今回は、新商品普及のカギとなるモデルであるイノベーター理論と、イノベーター理論における最大の落とし穴「キャズム」について解説していきます。

イノベーター理論とは、新しい商品がどのように普及していくかについての理論

イノベーター理論とは、スタンフォード大学のエベレット・M・ロジャース教授が提唱した、「新商品が初めて導入され、市場で普及していくまでにどのような道筋をたどるのか」を示した理論です。

市場に導入された商品は「【イノベーター】→【アーリーアダプター】→【アーリーマジョリティ】→【レイトマジョリティ】→【ラガード】」という順番で普及していきます。

イノベーター理論での消費者の5類型

イノベーター / 革新者

新商品を真っ先に導入するのが「イノベーター(革新者)」と呼ばれる人々で、市場の2.5%を構成しています。

イノベーターに属する人たちは非常に敏感なアンテナを張っており、実利を無視して「目新しいものかどうか」だけに反応します。

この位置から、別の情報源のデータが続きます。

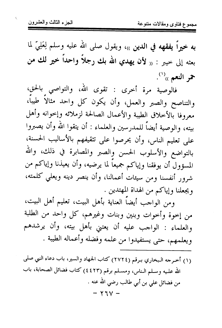 به خيرا يفقهه في الدين (¬1) » ، ويقول - صلى الله عليه وسلم - لعلي لما بعثه إلى خيبر: «لأن يهدي الله بك رجلا واحدا خير لك من حمر النعم (¬2) » .

まずはこの消費者に、「いかに商品が新しいものか」を示すことが重要です。使用されている技術やコンセプトを前面に押し出すのが効果的です。

アーリーアダプター / 初期採用者

イノベーターたちの間で新商品が普及すると、次に「アーリーアダプター(初期採用者)」と呼ばれる集団が導入を始めます。市場の13.5%を構成する集団です。

アーリーアダプターは新しさに加え、「本当に実用的なものなのか」を重視します。裏を返せば、アーリーアダプターたちにどのように受容されるかが、市場での受け入れられ方を決定するともいえます。具体的な導入のメリットをしっかりと訴えることが重要です。

また、この集団は「オピニオンリーダー」とも呼ばれ、自分の属する集団で大きな影響力を持っていることが多くあります。アーリーアダプターへの定着が、成功の鍵といってもいいでしょう。

アーリーマジョリティ / 前期追随者

アーリーアダプターへの普及が成功すると、「アーリーマジョリティ(前期追随者)」と呼ばれる人々にも商品が広まっていきます。市場の34%を構成する集団です

アーリーマジョリティは「ブリッジ・ピープル」とも呼ばれ、革新派の消費者と保守的な消費者の橋渡しの役割を担っています。真新しさや実利に加え、芸能人の口コミやメディアのPRなどの「流行度」を重視します

「市場で大きな反響を得始めていること」「商品が流行の最先端であること」などを重点的に訴求しましょう。

レイトマジョリティ / 後期追随者

アーリーマジョリティよりも後に導入を検討し始めるのが、「レイトマジョリティ(後期追随者)」という人々です。市場の34%を構成しています。

レイトマジョリティは新商品の導入に慎重です。そのため、「すでに多くの人々が使用し、実用性を実感している」という安心感が不可欠です。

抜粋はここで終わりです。